The option --cpu-profiling-mode top-down
will make the PGPROF show the main subroutine at the top and the rest of functions it called below:
[name@server ~]$ pgprof --cpu-profiling-mode top-down -i a.prof
======== CPU profiling result (top down):
Time(%) Time Name
97.36% 35.2596s main
97.36% 35.2596s MAIN_
32.02% 11.5976s swim_mod_calc3_
29.98% 10.8578s swim_mod_calc2_
25.93% 9.38965s swim_mod_calc1_
6.82% 2.46976s swim_mod_inital_
1.76% 637.36ms __fvd_sin_vex_256
To find out what part of your application takes the longest time to run you can use the option --cpu-profiling-mode bottom-up
which orients the call tree to show each function followed by functions that called it working backwards to main.
[name@server ~]$ pgprof --cpu-profiling-mode bottom-up -i a.prof
======== CPU profiling result (bottom up):
Time(%) Time Name
32.02% 11.5976s swim_mod_calc3_
32.02% 11.5976s MAIN_
32.02% 11.5976s main
29.98% 10.8578s swim_mod_calc2_
29.98% 10.8578s MAIN_
29.98% 10.8578s main
25.93% 9.38965s swim_mod_calc1_
25.93% 9.38965s MAIN_
25.93% 9.38965s main
3.43% 1.24057s swim_mod_inital_
Working in graphical mode
In graphical mode, both data collection and analysis can be accomplished in the same session. There are several steps that need to be done to collect and visualize performance data in this mode:
- Launch the PGI profiler.
- Since the Pgrof's GUI is based on Java, it should be executed on the compute node in the interactive session rather than on the login node, as the latter does not have enough memory (see Java for more details). An interactive session can be started with
salloc --x11 ...
to enable X11 forwarding (see Interactive jobs for more details).
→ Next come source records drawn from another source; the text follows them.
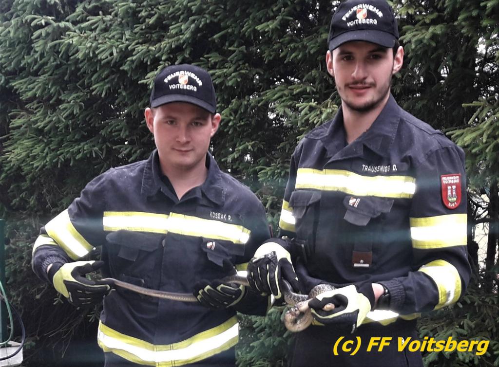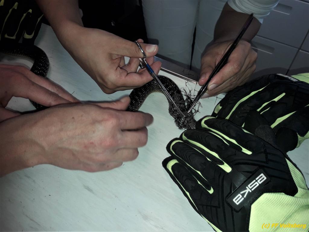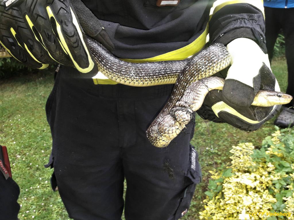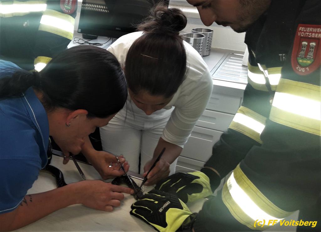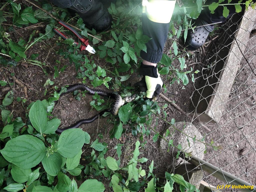 VOITSBERG, am 27.05.2019 Ein aufmerksamer Hausbesitzer am Voitsberger Schlossberg entdeckte am Montag, 27. Mai 2019 in den Vormittagsstunden eine Schlange an einem Zaun unter einem Gebüsch, die sich in einem Drahtgeflecht verfangen hatte. Die FF Voitsberg wurde zur Tierrettung alarmiert und rückte mit 2 Mann aus. Die Schlange konnte rasch aus ihrer misslichen Lage befreit werden, das Drahtgeflecht hatte sich jedoch so um ihren Körper gewickelt, dass es mit den Werkzeugen der Feuerwehr nicht entfernt werden konnte. Das Tier wurde in die ACC Tierklinik nach Rosental gebracht, wo es einer Tierärztin gelang, das eng anliegende Drahtgeflecht vom Körper der Schlange zu entfernen, ohne diese zu verletzten. Die ungiftige Äskulapnatter wurde anschließend wieder in seinen natürlichen Lebensraum verbracht und in die Freiheit entlassen. Text und Fotos: FF Voitsberg
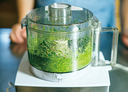 好みでにんにくを入れても。撹拌は全体がなめらかで均一になったらOK。
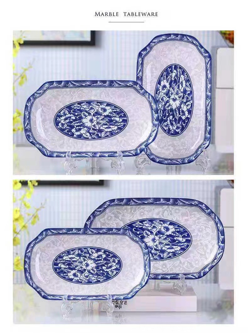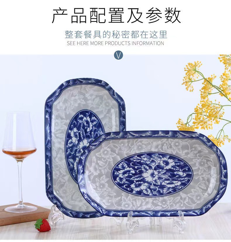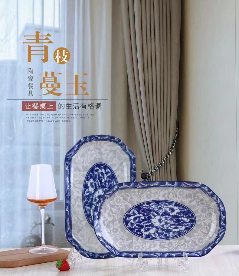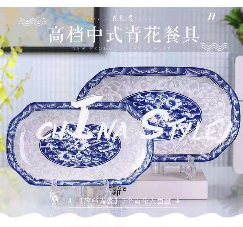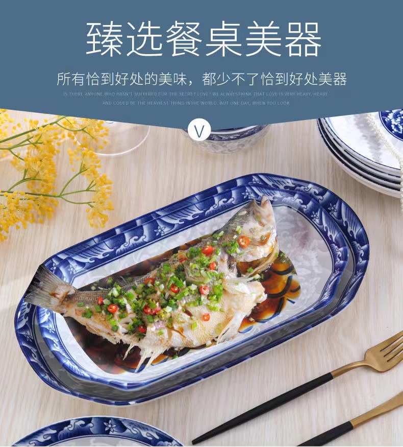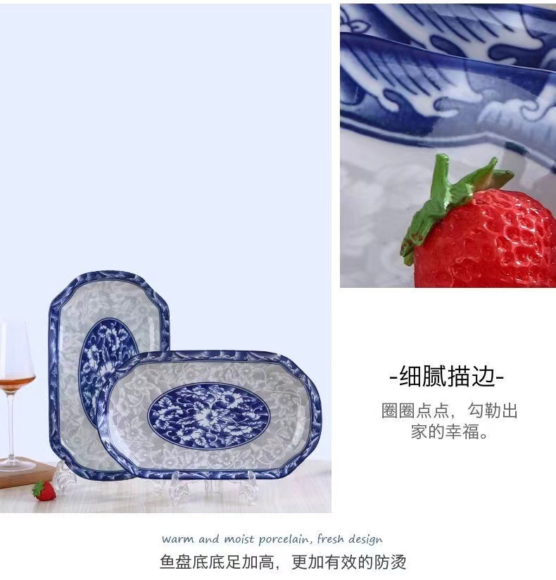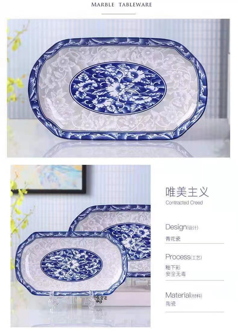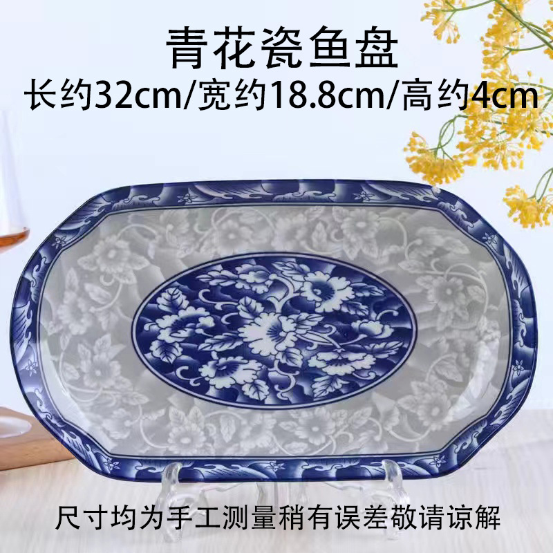 녹색 꽃 운율 초대형 생선 접시 징데 청 청색과 흰색 도자기 찌고 구운 직사각형 접시 고온 저항 언더 글레이즈 색상
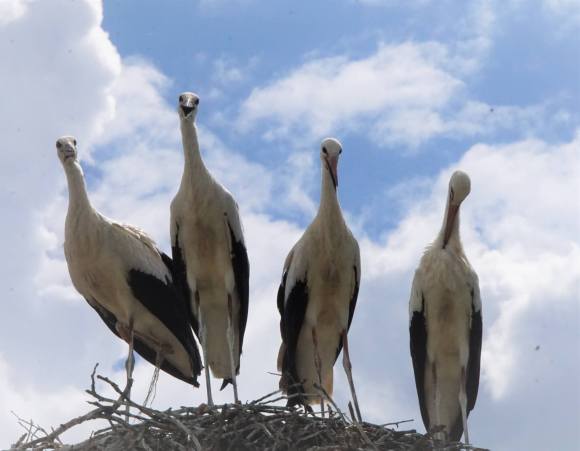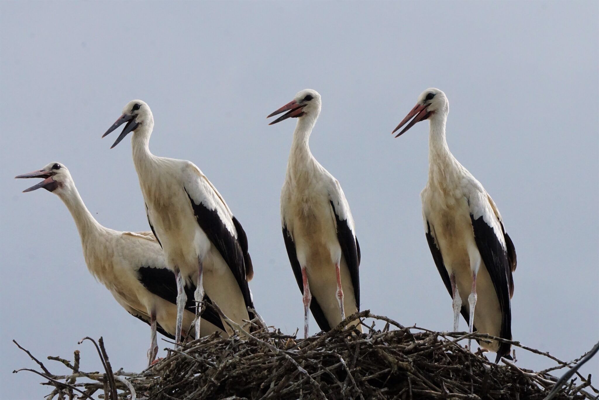 My final magnificent photo of storks is with their beaks open (as it was extremely hot that day, it is their cooling mechanism) all stood to attention, four in a row and looking rather dandy!
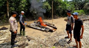 Sekira pukul 10.00 WIB, tim menemukan lokasi yang diduga menjadi tempat aktivitas PETI jenis setingkai. Namun saat didatangi, lokasi tersebut sudah tidak beroperasi. Untuk mencegah digunakan kembali, petugas bersama masyarakat melakukan penertiban dengan merusak serta membakar peralatan yang ditemukan di lokasi.
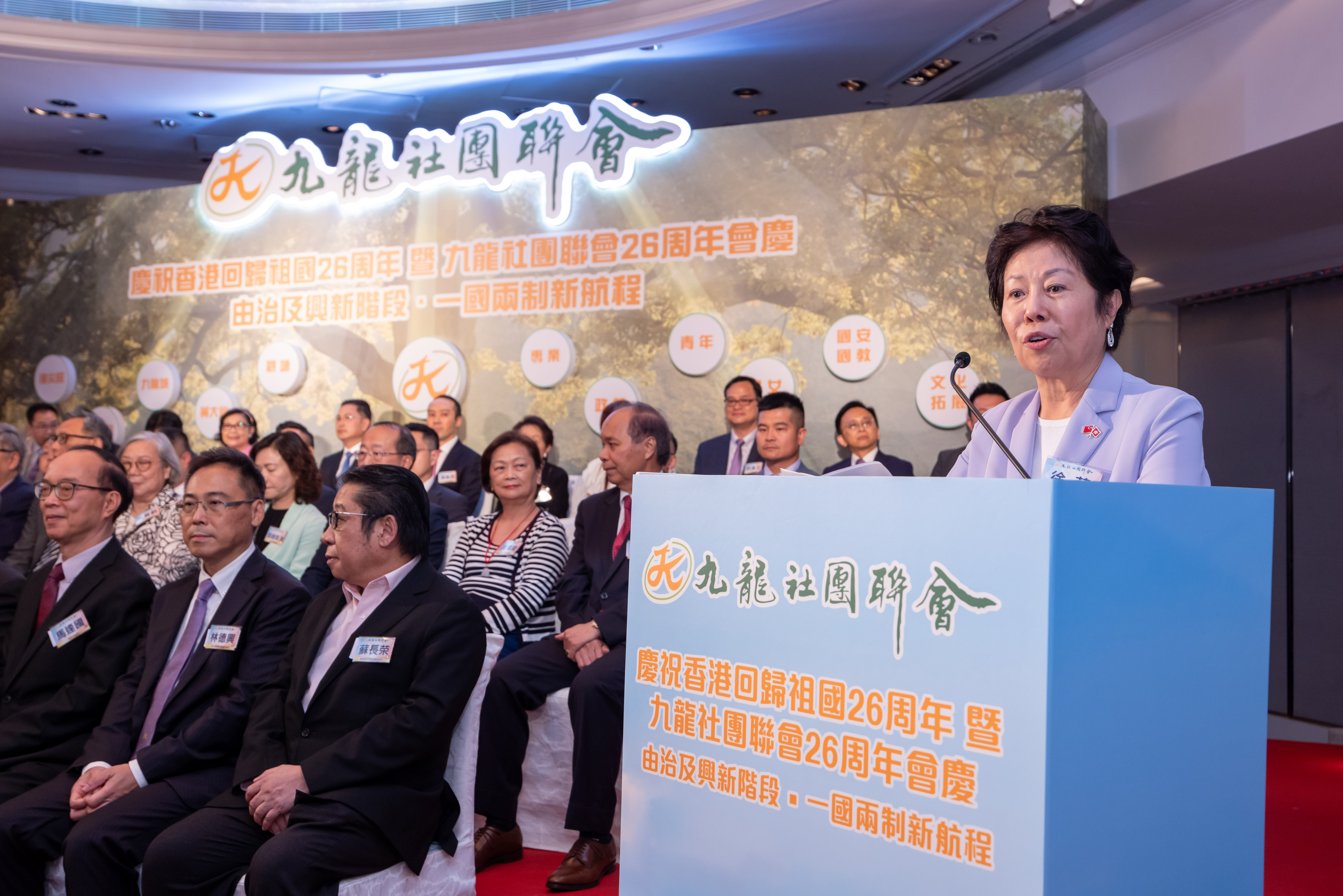 九龍社團聯會於香港回歸祖國同年成立,與香港特別行政區共同成長。九龍社團聯會於2023年6月27日假美麗華酒店完滿舉辦「慶祝香港回歸祖國26周年暨九龍社團聯會成立26周年會慶」,理監事仝人與各界友好聚首一堂,共慶盛典。活動邀請了特區政府政務司司長陳國基、中聯辦九龍工作部郭亨斌部長、行政會議非官守議員張宇人、保安局副局長卓孝業、民政及青年事務局副局長梁宏正、民政事務總署署長張趙凱渝、九龍社團聯會首席會長連浩民、會長王惠貞、理事長徐莉及常務副理事長林德興等嘉賓蒞臨擔任典禮的主禮嘉賓。
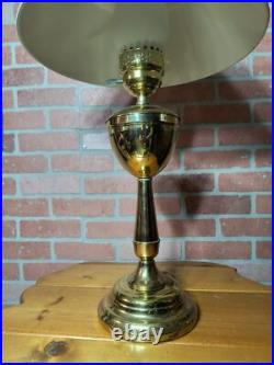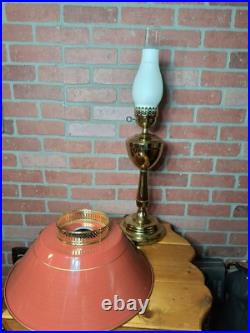 Vintage Brass 2-Light Table Lamp With White Metal Shade 18 Inch 4.5 Shade

- Since the Pgrof's GUI is based on Java, it should be executed on the compute node in the interactive session rather than on the login node, as the latter does not have enough memory (see Java for more details). An interactive session can be started with
- In order to start a new session, open the File menu and click on New Session.
- Select the executable file you want to profile and then add any arguments appropriate for your profiling.
- Click Next, then Finish.
- In the CPU Details tab, push on the Show the top-down (callers first) call tree view button as shown in the figure below.
Take note of these four panes in the graphical interface (see the image "Visualizing performance data", to the left):
- The Timeline: shows all the events ordered by the time they executed
- GPU details: shows performance details for the GPU kernels
- CPU details: shows performance details for the CPU functions
- The Property tab: shows all the details for a selected function in the timeline window
References
PGPROF is a product of PGI, which is a subsidiary of NVIDIA Corporation.